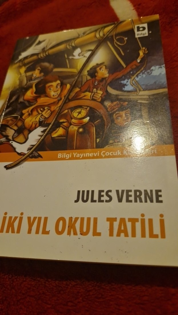 Jules Verne'in çocuklar için Bilgi Yayınevi tarafından yayımlanan 'İki Yıl Okul Tatili' kitabı, macera dolu kapak görseline sahiptir.
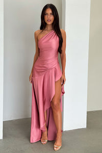 Slip into effortless elegance with the Leni One Shoulder Satin Maxi Dress! This showstopper features satin fabric with a chic one-shoulder silhouette anchored by an adjustable strap for the perfect fit. The lined bodice with mesh and invisible back zip provides support, while strategic waist ruching flatters your figure. A flowy frilled skirt and daring side leg split keep things fun and flirty. Dress it up with your go-to heels and gold jewellery for an unforgettable formal moment!
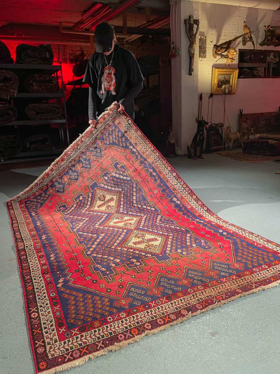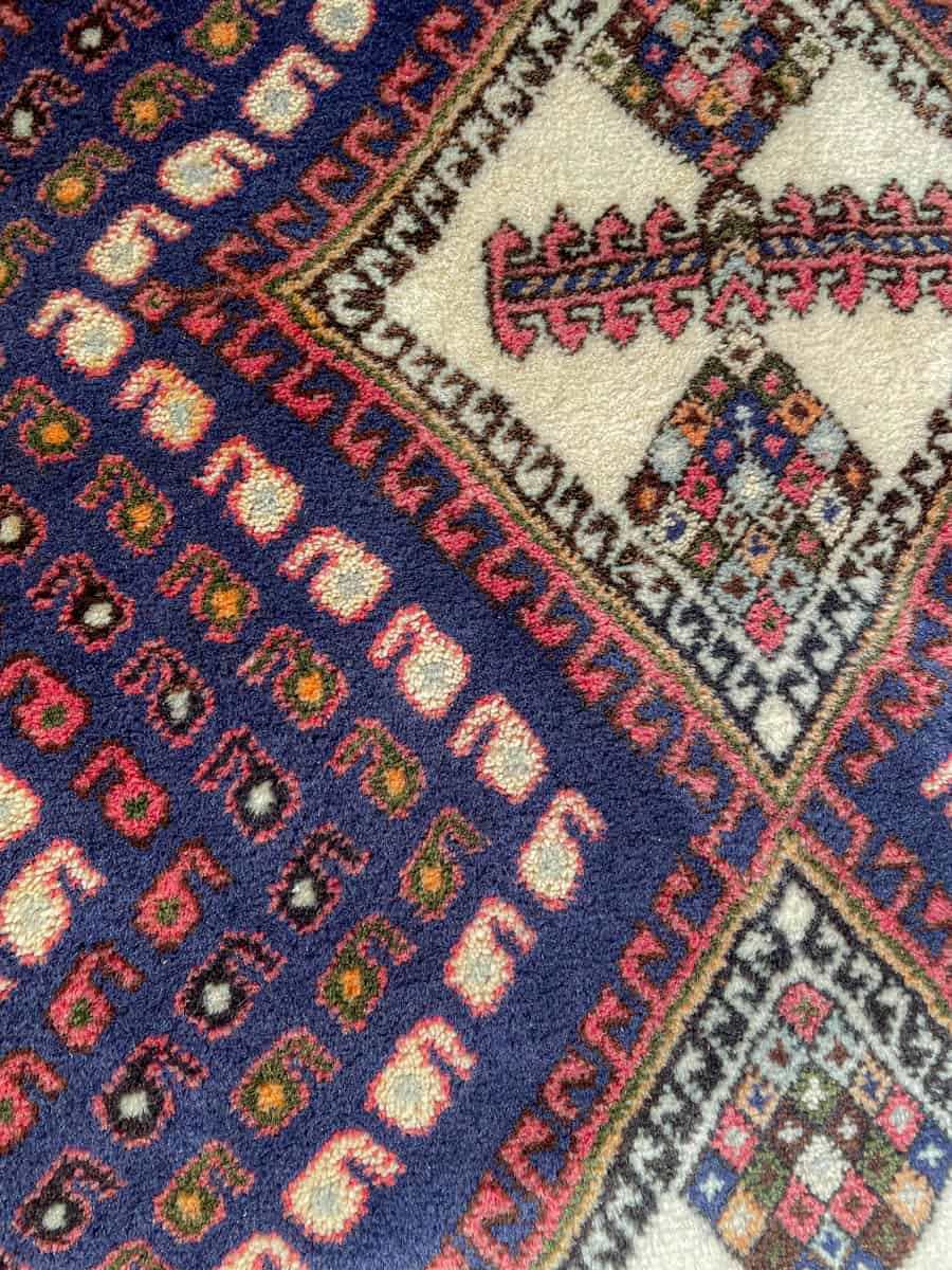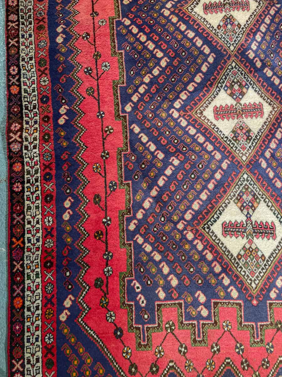 Tyylikäs persialainen Afshar geometrisella kuvioinnilla ja kodikkailla väreillä. Käsinsolmittu villasta.

> _What needs to be done_:
Transcribe the material above word for word; images do not belong in the copy.

> _Expected answer_:
 Jules Verne'in çocuklar için Bilgi Yayınevi tarafından yayımlanan 'İki Yıl Okul Tatili' kitabı, macera dolu kapak görseline sahiptir.
 Slip into effortless elegance with the Leni One Shoulder Satin Maxi Dress! This showstopper features satin fabric with a chic one-shoulder silhouette anchored by an adjustable strap for the perfect fit. The lined bodice with mesh and invisible back zip provides support, while strategic waist ruching flatters your figure. A flowy frilled skirt and daring side leg split keep things fun and flirty. Dress it up with your go-to heels and gold jewellery for an unforgettable formal moment!
 Tyylikäs persialainen Afshar geometrisella kuvioinnilla ja kodikkailla väreillä. Käsinsolmittu villasta.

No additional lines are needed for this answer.